Prove equality $\sqrt{1+x^2}\cdot\ln (x+\sqrt{1+x^2}) = x+\frac{x^3}{3} - \frac{2}{3}\frac{x^5}{5}+ \frac{2}{3}\frac{4}{5}\frac{x^7}{7}-...$

Question

$\sqrt{1+x^2}\cdot\ln (x+\sqrt{1+x^2}) = x+\frac{x^3}{3} - \frac{2}{3}\frac{x^5}{5}+ \frac{2}{3}\frac{4}{5}\frac{x^7}{7}-...$

I stuck with performing right part. Where are these coefficients from?

Answer 1

We are looking for the Taylor series of $$f(x)=\sqrt{1+x^2}\int\frac{dx}{\sqrt{1+x^2}}\tag{1}$$ that is clearly related with the Taylor series of $$ g(x) = \sqrt{1-x^2}\int\frac{dx}{\sqrt{1-x^2}} = \sqrt{1-x^2}\arcsin(x).\tag{2}$$ We may now invoke some heavy artillery.
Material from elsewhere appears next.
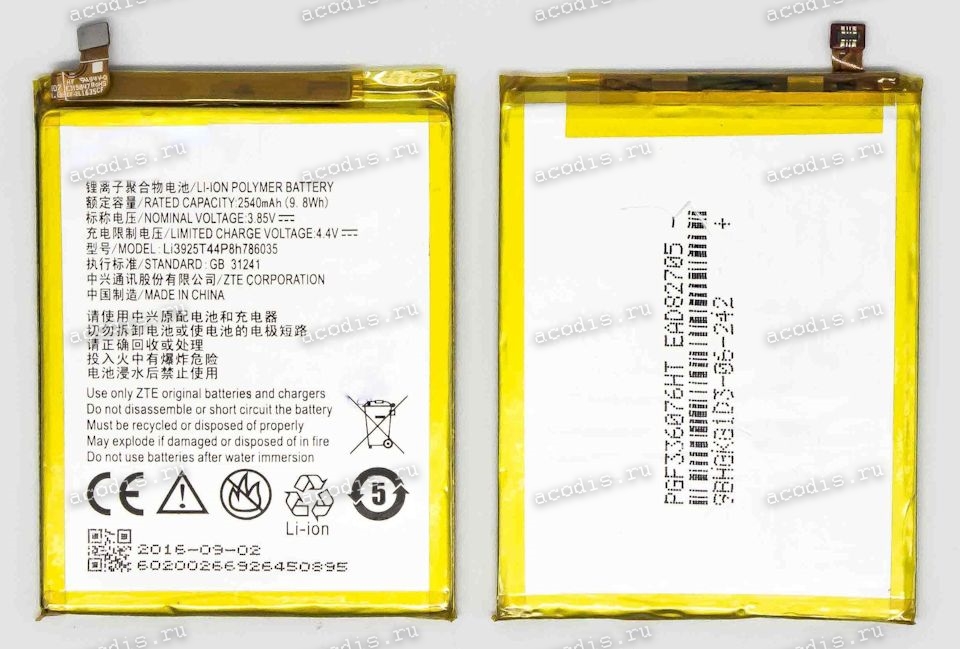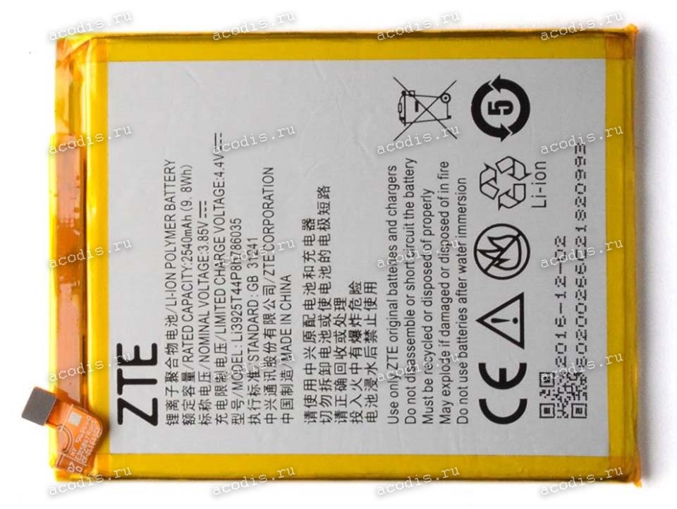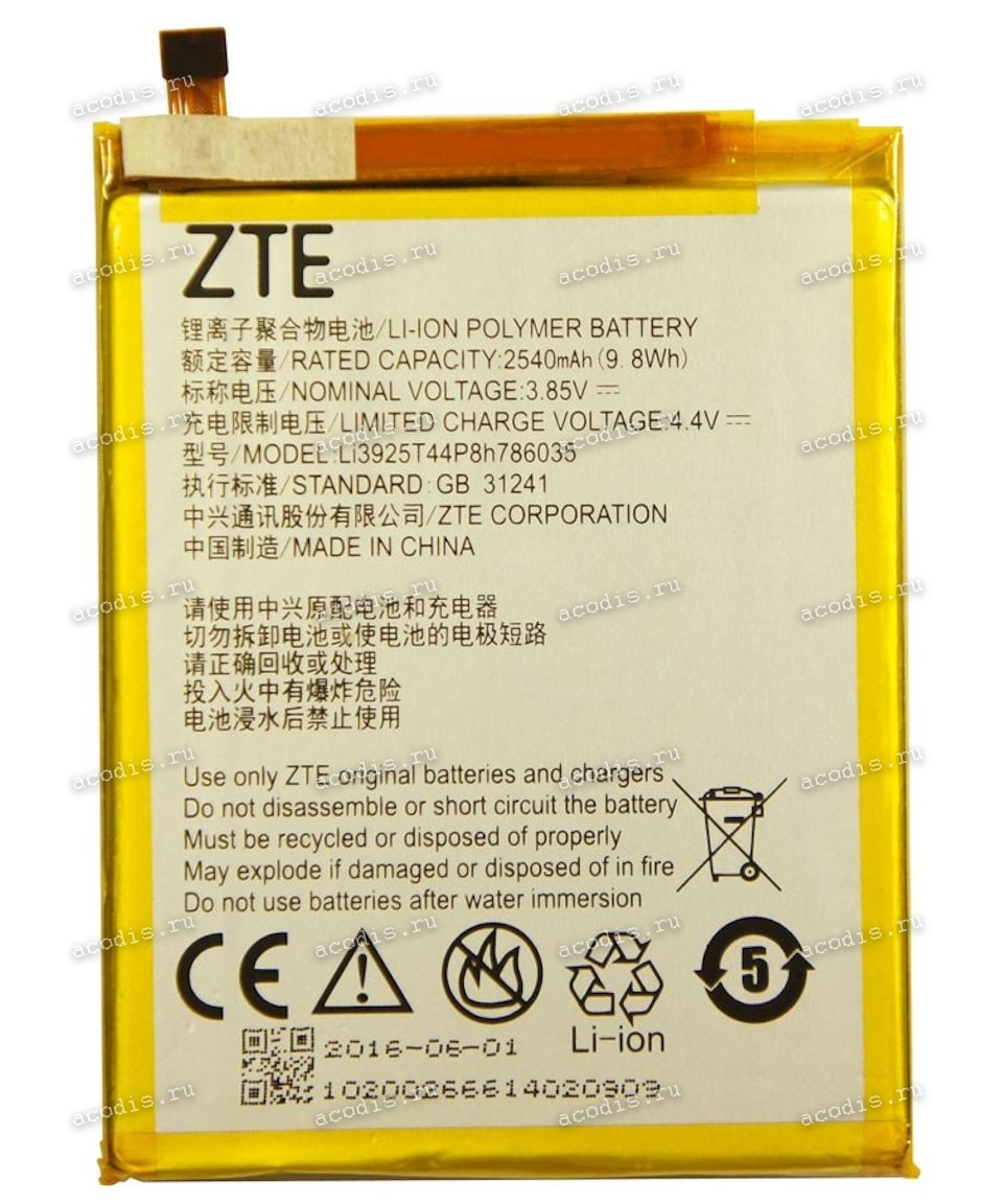 Характеристики АКБ ZTE Blade A910, Blade V7, Blade Z10 (3,85v, 2540mAh) Li3925T44P8h786035 оригинальный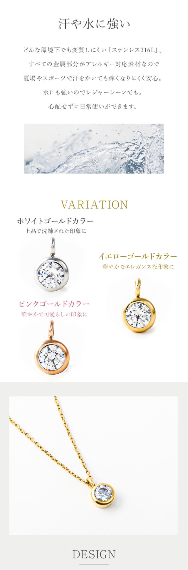 「 ステンレス316L 」を選んだ理由「ステンレス316L」は、”錆びにくく変色も少ない”という特徴があります。そのため、汗などに接触しても金属が溶け出しにくく、アレルギー反応を起こしにくいので、近年金属アレルギー対応のジュエリー素材として使用されています。アレルギーの方でも安心・安全にオシャレを楽しんでいただきたいからこそ、素材にこだわりました。

For instance, the following identity: $$ \arcsin^2(x) = \sum_{n\geq 1}\frac{(4x^2)^n}{2n^2\binom{2n}{n}}\tag{3}$$ leading to: $$ \frac{\arcsin x}{\sqrt{1-x^2}}=\sum_{n\geq 1}\frac{4^n}{(2n)\binom{2n}{n}} x^{2n-1} \tag{4} $$ and to: $$ x-\sqrt{1-x^2}\arcsin(x) = \int\frac{x\arcsin(x)}{\sqrt{1-x^2}}\,dx = \sum_{n\geq 1}\frac{4^n}{(2n)(2n+1)\binom{2n}{n}}x^{2n+1}\tag{5} $$ from which: $$ g(x)=x-\sum_{n\geq 1}\frac{4^n}{(2n)(2n+1)\binom{2n}{n}}x^{2n+1}\tag{6}$$ and $$\boxed{ f(x)=x-\sum_{n\geq 1}\frac{4^n(-1)^n}{(2n)(2n+1)\binom{2n}{n}}x^{2n+1}}\tag{7}$$ Two distinct prof of $(3)$ (one proof through Bonnet's recursion formula and Legendre polynomials, a second proof through the residue theorem) can be found in my course notes, at pages $18$ and $19$. A little warning: they are in Italian.